For any topic with a US clinical care or population health angle, actively search the following (not via rh-skills search — reason from your knowledge and present URLs for the user to confirm). Do not use web search tools. Supply URLs from domain knowledge; if uncertain about a specific URL, record the field as tbd with a note to verify rather than searching the web:

Source Check for
CMS eCQM Library / CMIT Existing quality measures for the condition
QPP / MIPS Clinician performance measures (if clinician-facing)
USPSTF Preventive service grades (A/B especially)
Gravity Project SDOH domain taxonomy and FHIR IGs
AHRQ Evidence-based practice reports, PCORI-funded studies
CDC / MMWR Surveillance data, epidemiological burden
HCUP / MEPS / GBD Health economics and cost-of-care data

See reference.mdUS Government Healthcare Coverage for full URLs and guidance.

Emit status block:

  Step:   4 — US Government Sources · Complete
  Plan:   <N> sources in memory
  Next:   Step 5 — medical society and journal sources

Step 5 — Medical Society and Journal Sources

Identify the relevant medical societies and journals for the topic. Present these with recommended search terms even if they require authentication:

  • Include society clinical practice guidelines
  • Include specialty-specific journals from reference.mdMedical Journals
  • For authenticated sources, set access: authenticated and include auth_note with the specific login mechanism and suggested search terms

Do not attempt to download authenticated sources — flag them in the plan with recommended: true where they are high-value, and include an inline access advisory (FR-011a/FR-011b).

Emit status block:

  Step:   5 — Medical Society Sources · Complete
  Plan:   <N> sources in memory
  Next:   Step 6 — compile and validate source list

Step 6 — Build the Living Plan

Maintain a sources[] list in memory throughout the plan. After Steps 2–5, compile the list applying these rules:

  • Minimum 5 sources: if fewer than 5, search additional databases or source categories before presenting
  • Maximum 25 sources: if more than 25 high-quality candidates, select the 25 most relevant; log extras as expansion candidates
  • At least one terminology entry (SNOMED, LOINC, ICD-10, RxNorm, etc.). Add a terminology source for each system explicitly named in the domain advice — one entry is the floor, not the target. For most clinical topics, domain advice will identify SNOMED CT, LOINC, ICD-10-CM, and RxNorm; each should have its own entry.
  • At least one health-economics entry when topic involves chronic conditions, preventive interventions, or CMS programs
  • All mandatory fields per FR-005: name, type, rationale, search_terms[], evidence_level, access. Plus url when access: open.

Emit status block:

  Step:   6 — Source List · Complete
  Plan:   <N> sources in memory
  Next:   Step 7 — present list for approval

Step 7 — Present to User

Present a formatted summary table of proposed sources:

| # | Name | Type | Evidence | Access | Notes |
|---|------|------|----------|--------|-------|
| 1 | ADA Standards of Care | guideline | grade-a | open | URL provided |
| 2 | NEJM article ... | pubmed-article | grade-b | authenticated | requires login |
...

For access: open sources, confirm a URL is recorded. For access: authenticated sources, note the auth method. For access: manual sources, note what the user must retrieve. Open-access sources are downloaded in Step 12 of this discovery workflow via rh-skills source download --url ...; authenticated/manual sources remain advisory and are gathered by the user.
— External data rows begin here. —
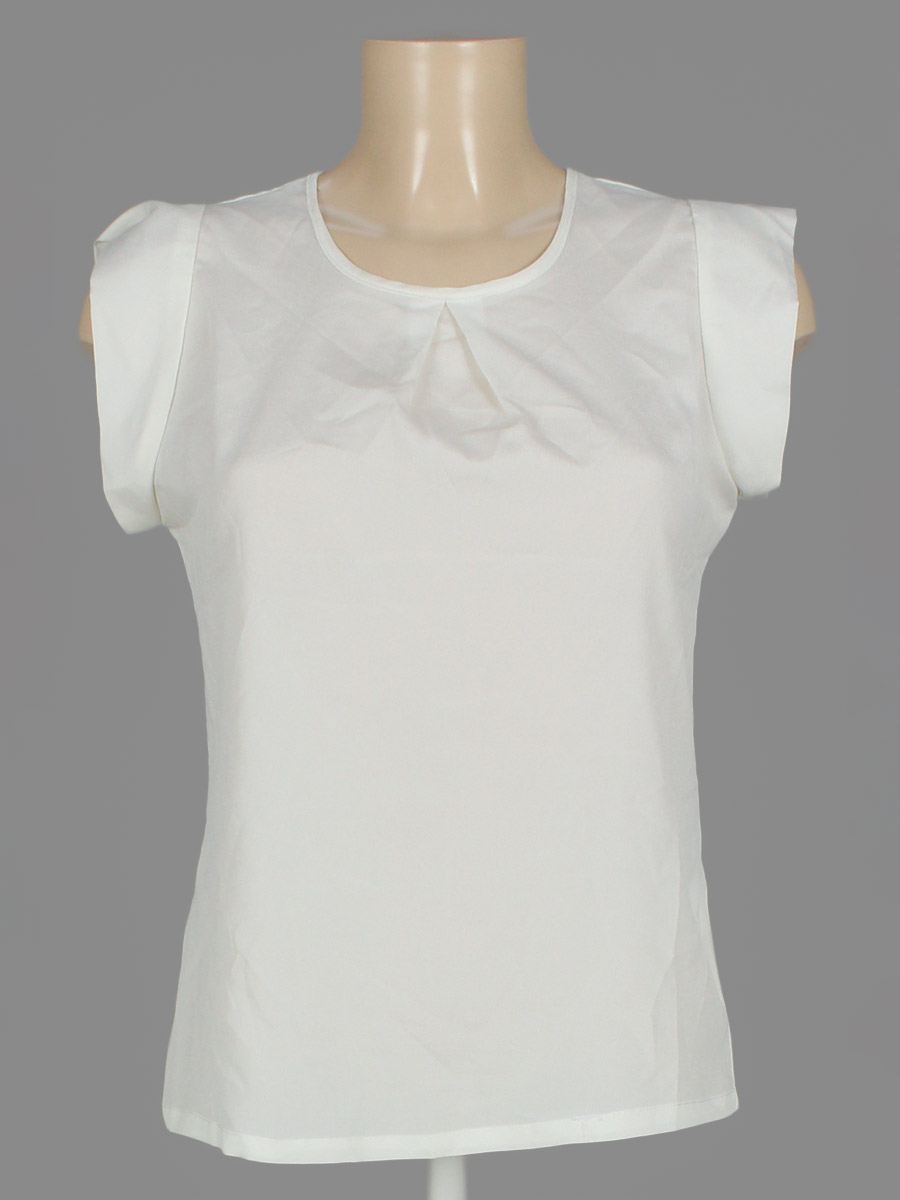 Молочный оттенок. Размер 42-44. В области подмышек небольшие загрязнения.
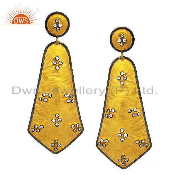24K Yellow Gold Plated Sterling Silver Cubic Zirconia Womens Dangle Earrings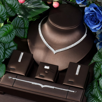 Hibride Đẹp Cubic Zircon Trắng Pha Lê Bridal Wedding Vòng Cổ Bông Tai Đảng Bộ Đồ Trang Sức Cho Phụ Nữ Ăn Mặc Đảng N-1711
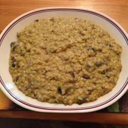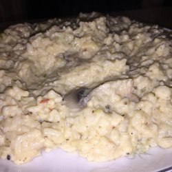 2Pour the milk and cream into the skillet, and stir in the rice. Heat to a simmer. Stir the vegetable stock into the rice one cup at a time, until it is absorbed.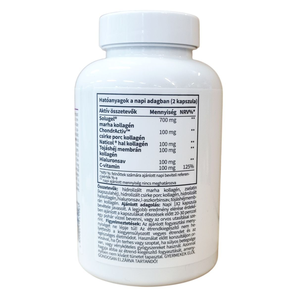 hidrolizált marha kollagén, zselatin (kapszulahéj), hidrolizált csirke porc kollagén, hidrolizált hal kollagén, hialuronsav, L-aszkorbinsav, tojás kollagén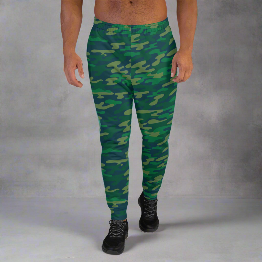 Dark Green Camo Men's Joggers, Camouflage Joggers Mens Camo Joggers-Made in USA/EU/MX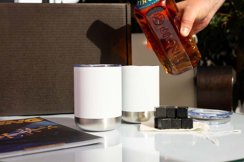 The Mt Bradley on the Rocks Gift Set offers a premium drinking experience. It includes two 15 oz Basecamp stainless steel double-wall vacuum tumblers with slider lids, perfect for keeping drinks at the ideal temperature. Nine laser-etched whiskey stones come in a muslin bag, ready to chill your drink without dilution. The set is packaged in a custom gift box with crinkle paper, featuring a roll-end tuck front and an imprinted spectrum label for a stylish and easy-to-open presentation.

Ask the user to approve, modify, or add/remove sources. Incorporate feedback and loop back if needed.

Emit status block:

▸ rh-inf-discovery  <topic>
  Step:   7 — Source Review
  Plan:   <N> sources in memory
  Next:   approve list / modify / add sources

What would you like to do next?

A) Approve all sources — proceed to access advisories B) Modify the list — add, remove, or edit sources C) Ask a question about a specific source

You can also ask for status rh-inf-status at any time.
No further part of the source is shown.